Stored data entries
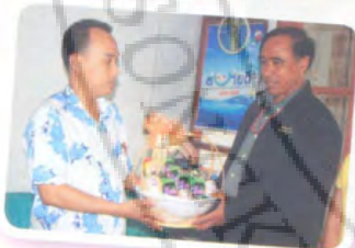
หนังสือพิมพ์ทางใต้
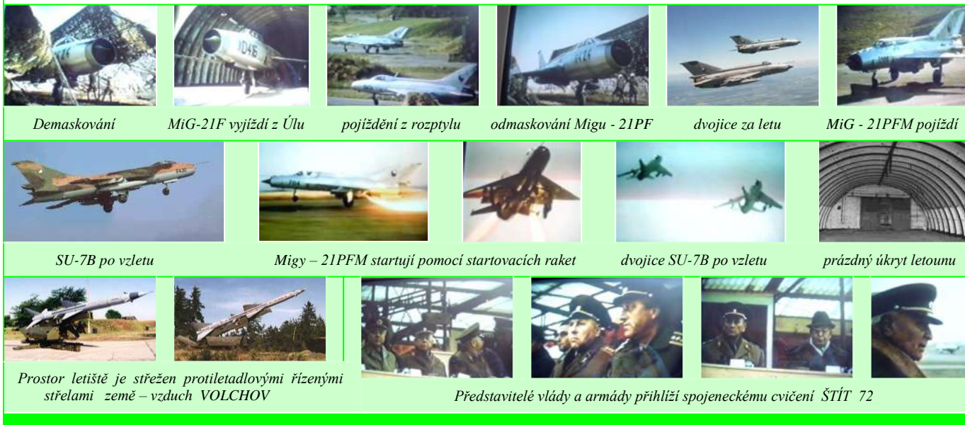
Demaskování MiG-21F vyjíždí z Úlu pojiždění z rozptylu odmaskování Migu - 21PF dvojice za letu MiG - 21PFM pojíždí

Následující snímky jsou unikátní, omlouváme se však za jejich zhoršenou kvalitu, vniklou jejich kopírováním z videozáznamu.
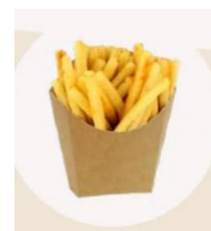
Chips крафтови CS1
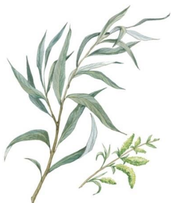
Ива белая (ветла) Salix alba

Дерево до 25 м высотой, до 3 м в диаметре. Крона широкая, нередко плакучая. Кора тёмно-серая, с глубокими трещинами. Молодые побеги серебристо-опушённые. Листья ланцетные или линейно-ланцетные до 10 см, заострённые , мелкопильчатые, весной серебристо-шелковистые с обеих сторон, позже только снизу. Почки покрыты одной чешуйкой. Двудомное растение. Соцветия – однополые сережки. Цветёт одновременно с распусканием листьев, в апреле – мае. Цветки с нектарниками (все ивы медоносы), но без околоцветников, опыляются насекомыми. Пыльца липкая. Плод раскрывается двумя створками. Семена с пучком волосков, распространяются ветром, попав во влажную среду, прорастают через несколько часов. Растёт по берегам водоёмов, поймам, нетребовательна к богатству почв. Используется в озеленении, формируется.
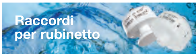
Raccordo per rubinetto, 1/2 pollice, filetto femmina
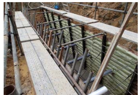
間伐材取付状況(土留工)
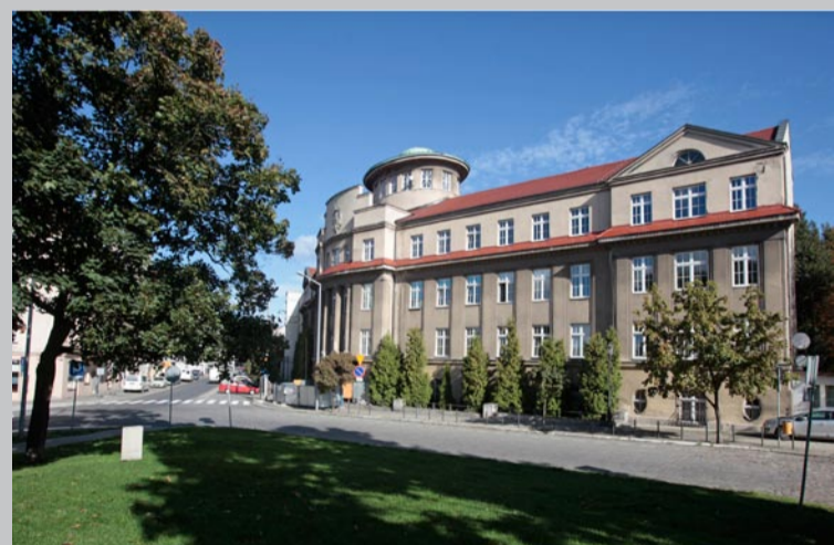
1. Herb na budynku administracji gazowni przy ul. Grobla 15
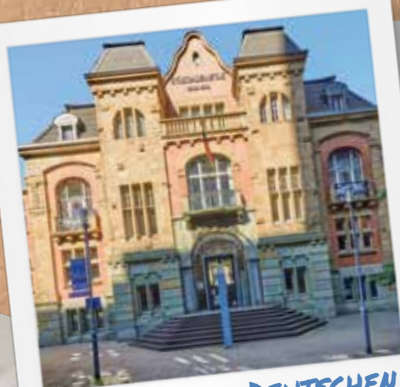
MUSEUM DER DEUTSCHEN BINNENSCHIFFFAHRT

Leinen los! Multimedial, mit detailgetreuen Modellen sowie Exponaten zum Anfassen verkehrst du in der ehemaligen Badeanstalt durch die Geschichte der Deutschen Binnenschifffahrt. Übrigens: Es gibt kein umfassenderes Museum dieser Art in ganz Deutschland.
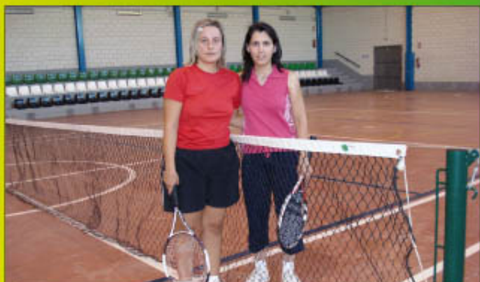
Finalistas de tenis femenino.

*EXERCISE REQUIREMENTS*. Both ends included, copy the lines from the one holding "MUSEUM DER DEUTSCHEN BINNENSCHIFFFAHRT" to the last line of the entries exactly, with all pictures left out.

*EXERCISE SOLUTION*.
MUSEUM DER DEUTSCHEN BINNENSCHIFFFAHRT

Leinen los! Multimedial, mit detailgetreuen Modellen sowie Exponaten zum Anfassen verkehrst du in der ehemaligen Badeanstalt durch die Geschichte der Deutschen Binnenschifffahrt. Übrigens: Es gibt kein umfassenderes Museum dieser Art in ganz Deutschland.
Finalistas de tenis femenino.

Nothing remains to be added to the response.